Obviously Winnie The Pooh: Blood And Honey II is utterly terrible. Whether it's better or worse than the first one is like asking whether Alsatians or Golden Retrievers produce the turds you'd least like to step in. Mean-spirited, with dozens of teens wheeled on merely to be slaughtered, and indifferently staged outside of the splatter highlights, it boasts an appearance by Simon Callow for no obvious reason, a search engine called Milne, occasional narration from the kind of voice that normally recommends Mr Kipling's Almond Slices, and a hilarious instance of Chekhov's Dishwasher. Fans of decapitations and wanton bloodshed might get a few laughs out of it, but really it's just poo(h).

*

PANDEMONIUM

AVEC LES SPOILIERES

The first 25 minutes of this French afterlife horror are brilliant: a dialogue on a snowy mountain road between Nathan and Daniel: two men realising they've both been killed in a car accident and that they're suddenly ghosts. What to do now? Are they stuck at the crash site for eternity? Or will they be guided into an afterlife? Heaven or Hell? What a crying shame that Pandemonium immediately nosedives into two thoroughly uninteresting stories of death, a surprise nod to Lucio Fulci and a genuinely bleak view of what comes post-bucket kicking.

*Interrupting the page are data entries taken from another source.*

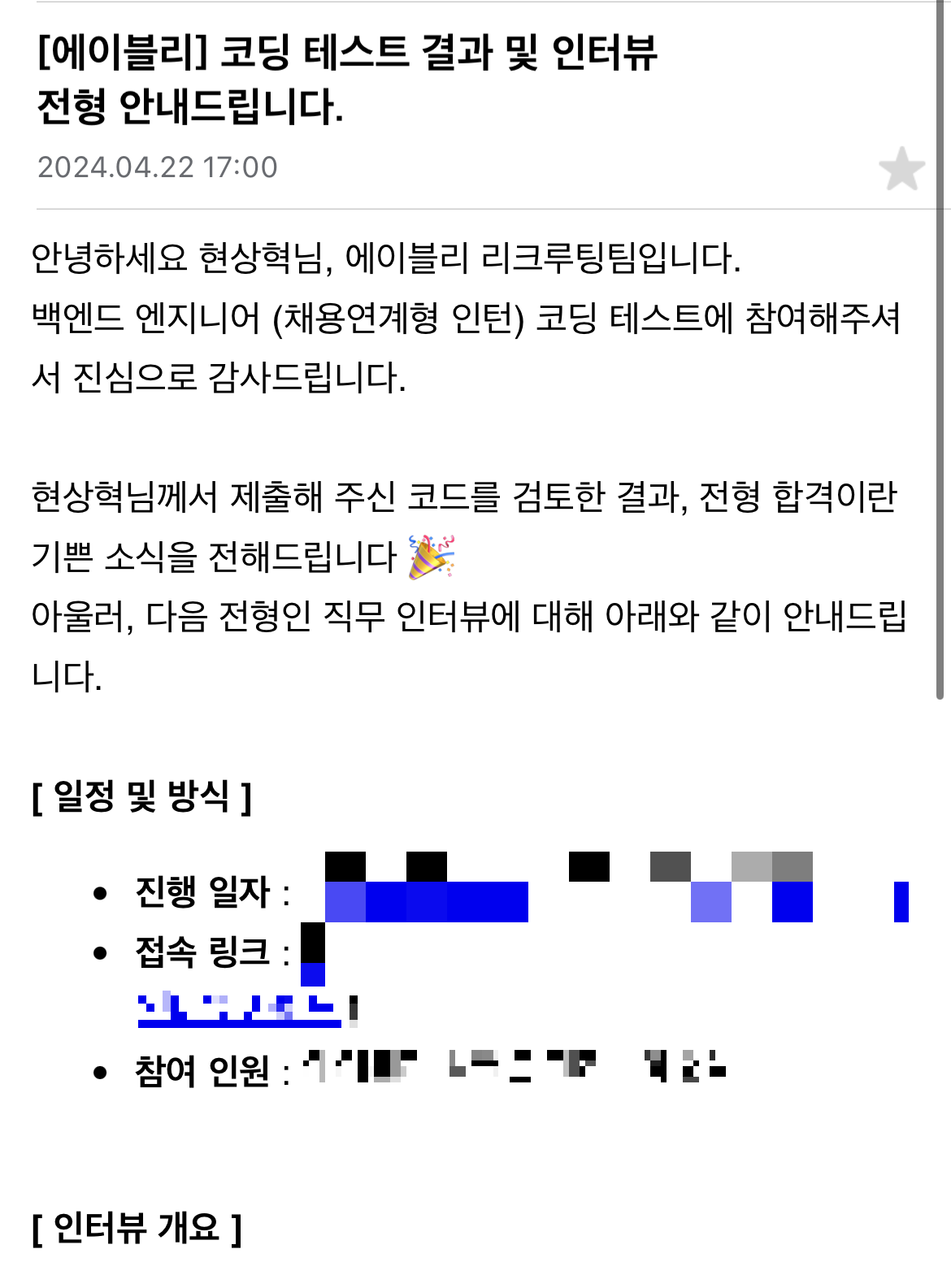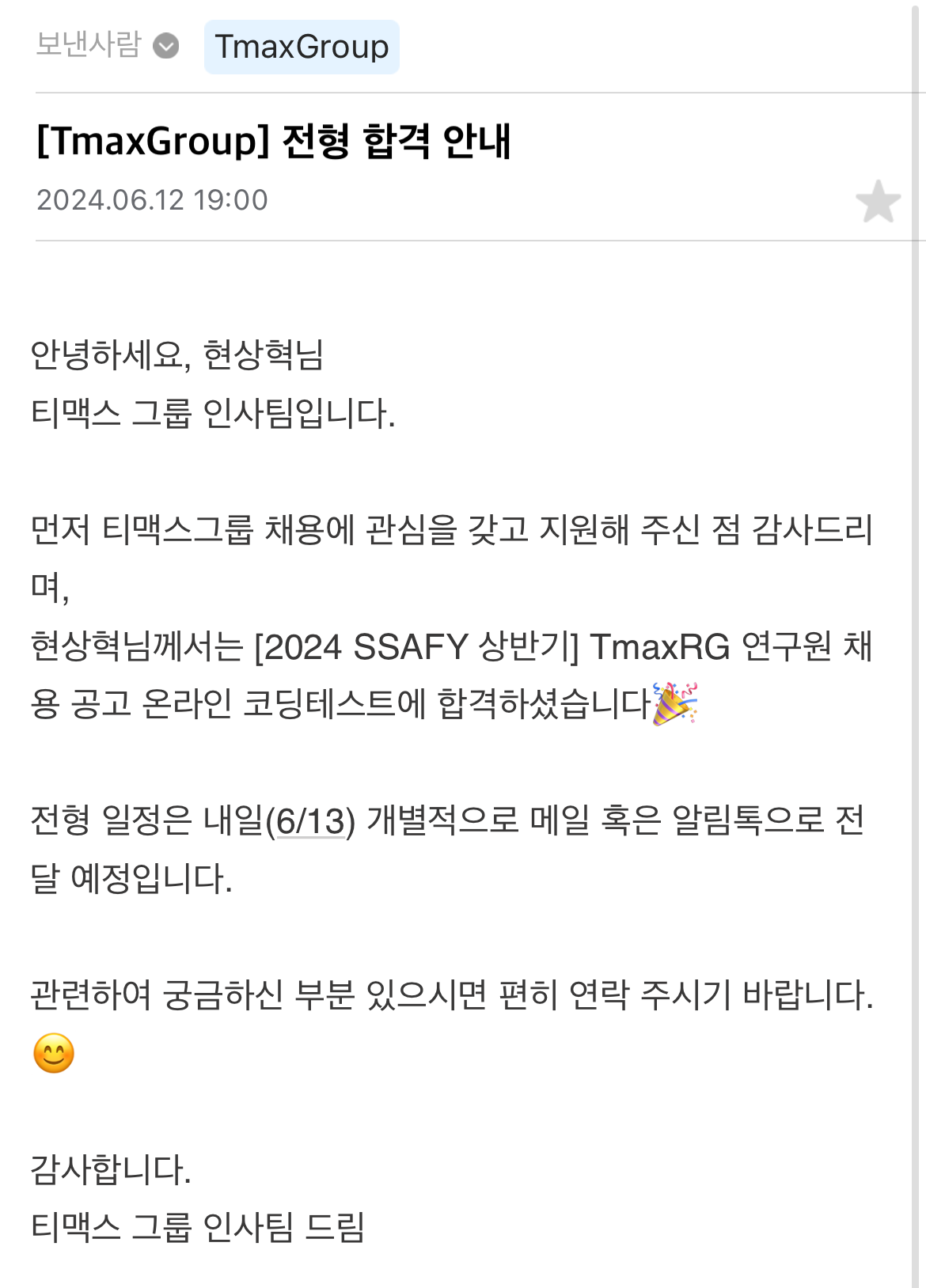 그리고 6월 말, 한창 싸피 2학기 준비를 하고 있는 와중에 싸피 잡페어를 통해 면접을 본 회사에서 최종 합격 연락을 받게 되었다. 싸피 2학기에 대한 기대가 컸기에 어떻게 하는 게 좋을지 고민이 많이 되었지만 경력을 쌓으면서 또 다른 방향의 성장을 해나갈 수 있을 것이라는 기대 반 두려움 반을 안고 입사를 결정했다. 입사 여부를 회신해야 하는 마감날짜가 2학기 시작 하루 전인가 그랬어서 결정 후 사무국에 바로 전화를 드려 퇴소 절차를 진행했다.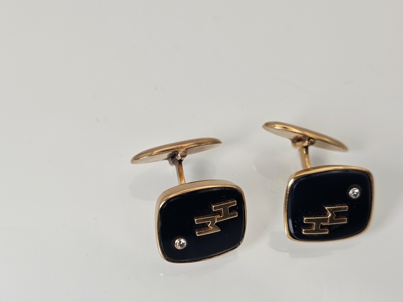 #1075 - 14k kultaiset kalvosinnapit timanteilla, 10,02g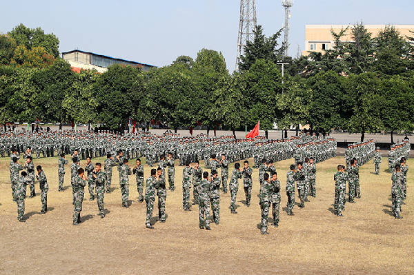 学校各职能部门、二级学院领导、承训教官和2019级全体新生参加大会。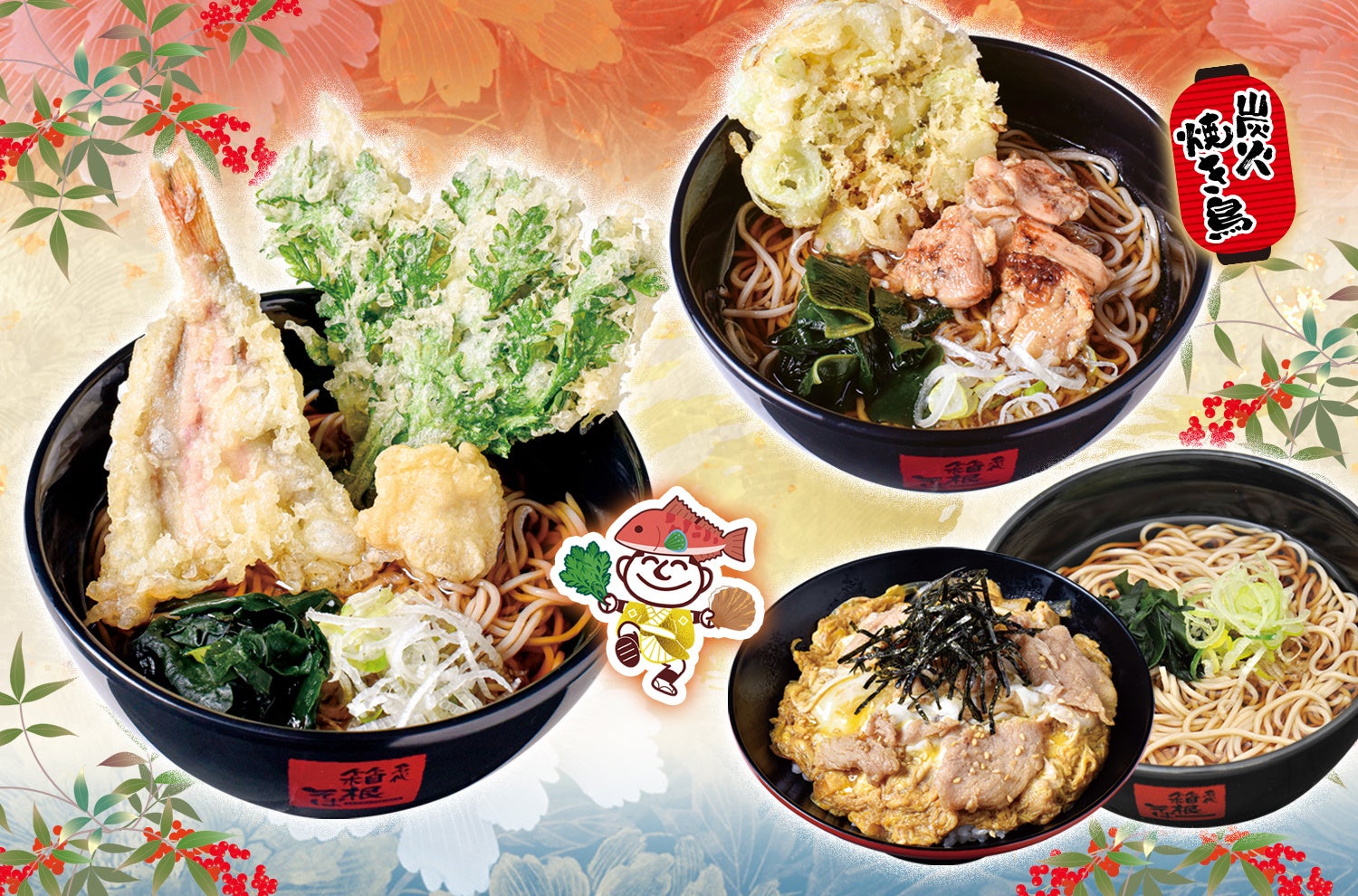 ※「ホウボウ天とホタテ天・春菊天(そば・うどん)」は名代箱根そば全店で販売いたします。「炭火香る鶏もも肉とねぎ天(そば・うどん)」および「豚玉丼セット(そば・うどん)」は、取り扱いのない店舗がございます。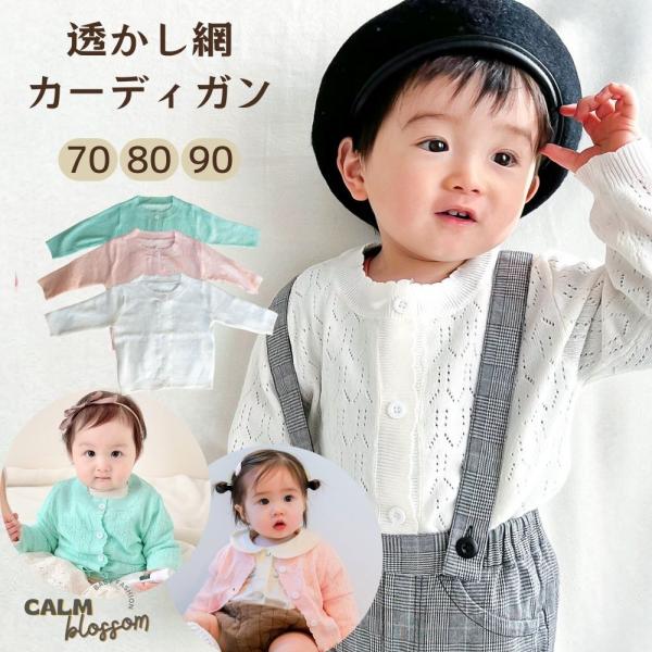 ベビー カーディガン ベビー服 赤ちゃん 春 夏 秋 透かし網 ニット 白 ピンク ミント グリーン 70 80 90 プレゼント 出産祝い
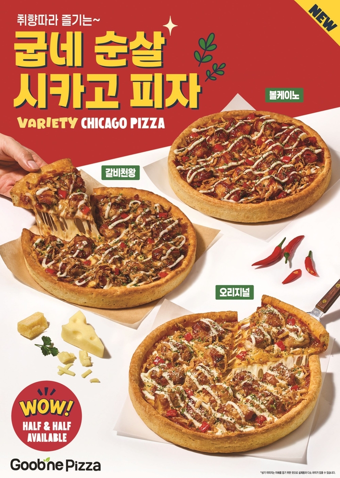 라인업으로 기본에 충실한 오리지널, 단짠단짠 풍미의 갈비천왕, 매콤달콤한 볼케이노 등 익숙한 치킨 메뉴들의 정체성을 피자로 재해석했으며, 한 판으로 두 가지 맛을 동시에 즐길 수 있는 하프앤하프(Half & Half) 옵션도 제공한다.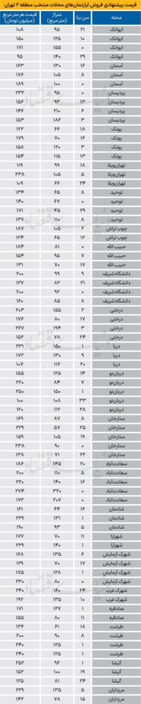 قیمت پیشنهادی آپارتمان‌های عرضه شده در منطقه ۲ تهران در فایل‌های مورد بررسی طی ۱۰ روز ابتدایی مهر از کف قیمت ۱۰۸ میلیون تومان تا ۳۰۰ میلیون تومان در نوسان است.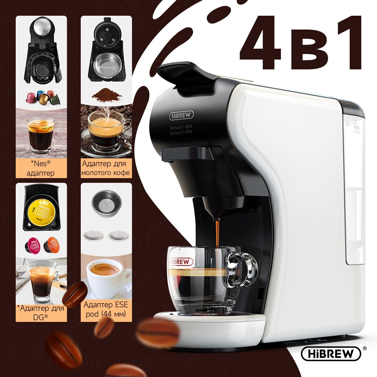 Капсульная кофемашина, Hibrew (ST-504)H1A Белый(ЕАС-сертификат) совместимый Капсулы Nespresso /Капсулы Dolce Gusto/Капсулы Starbucks/Свежемолотый кофе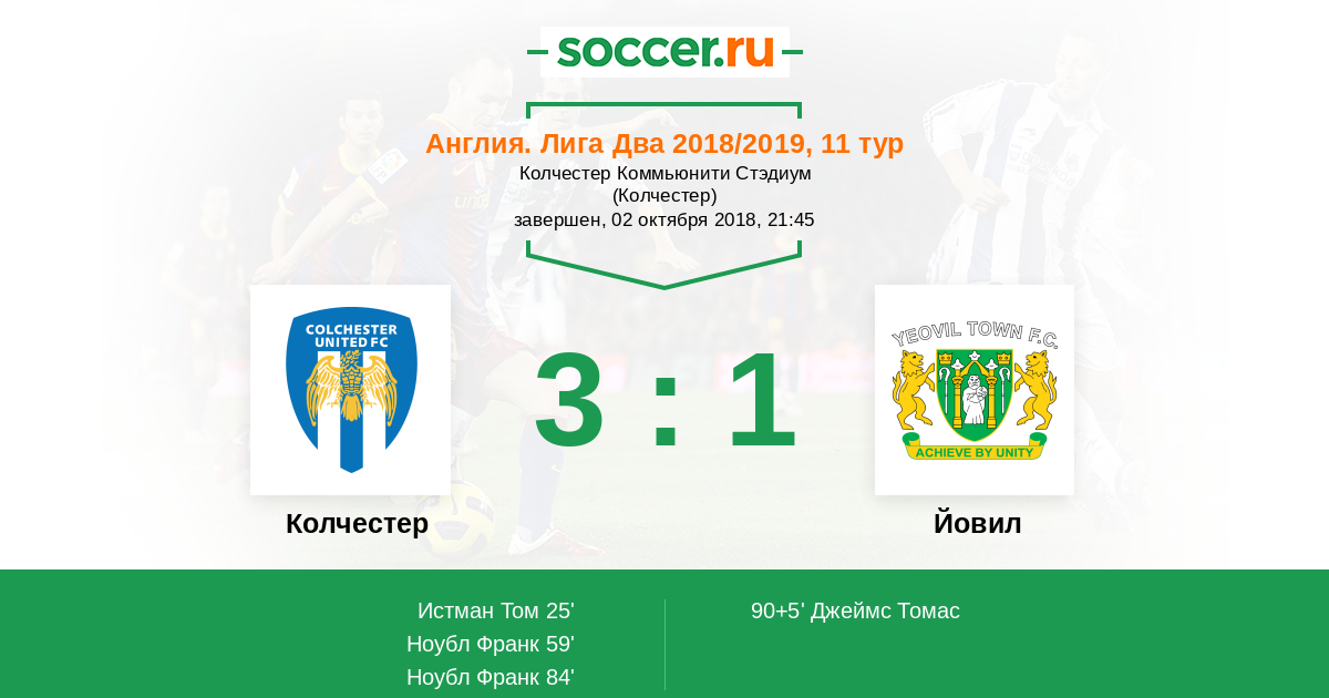 Колчестер - Йовил: обзор матча 2 октября 2018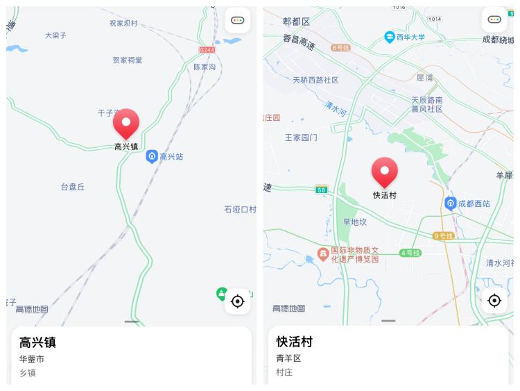 华蓥市的高兴镇和成都市的快活村。/高德地图

While Daniel walks reluctantly through the (definitely not pearly) gateway and is never seen again, Nathan follows and finds himself in the last scene of The Beyond: a desolate corpse-strewn wasteland. And he discovers he can experience the crimes and cruelties that led those people there. One is a child who murdered her family, one is a woman who ignored her daughter's schoolyard persecutions. And then he finds the true meaning of hell and the punishment for his own crimes...

It's not as if either of the two illustrative stories had some kind of ghoulish twist in the tale a la Creepshow. You just watch these extended vignettes thinking there must be more to them that this - but there isn't. But it's not as if either of them had any bearing on Nathan's own story or there are any lessons to be learned because the film's own take on the afterlife is eternal suffering and despair regardless of earthly conduct (even though that explicitly doesn't happen at the start, although this is Hell and the demons might be lying), which makes no sense at all. And the final coda is completely out of nowhere and makes even less sense.

Some would argue that ghost stories are optimistic: they suggest life after death, that (as Stanley Kubrick said) oblivion is not the end. This depiction of What Happens Next emphatically is not optimistic: eternal, meaningless punishment without purpose or reason. Thanks for sharing your vision, Quarxx (whose real name is the far more normal Alexandre Claudin, apparently). Sadly, the intriguing promise of the first half hour is completely lost and the result is a film which got steadily more annoyed and irritated with, to the extent that I only just managed to resist the temptation to switch it off.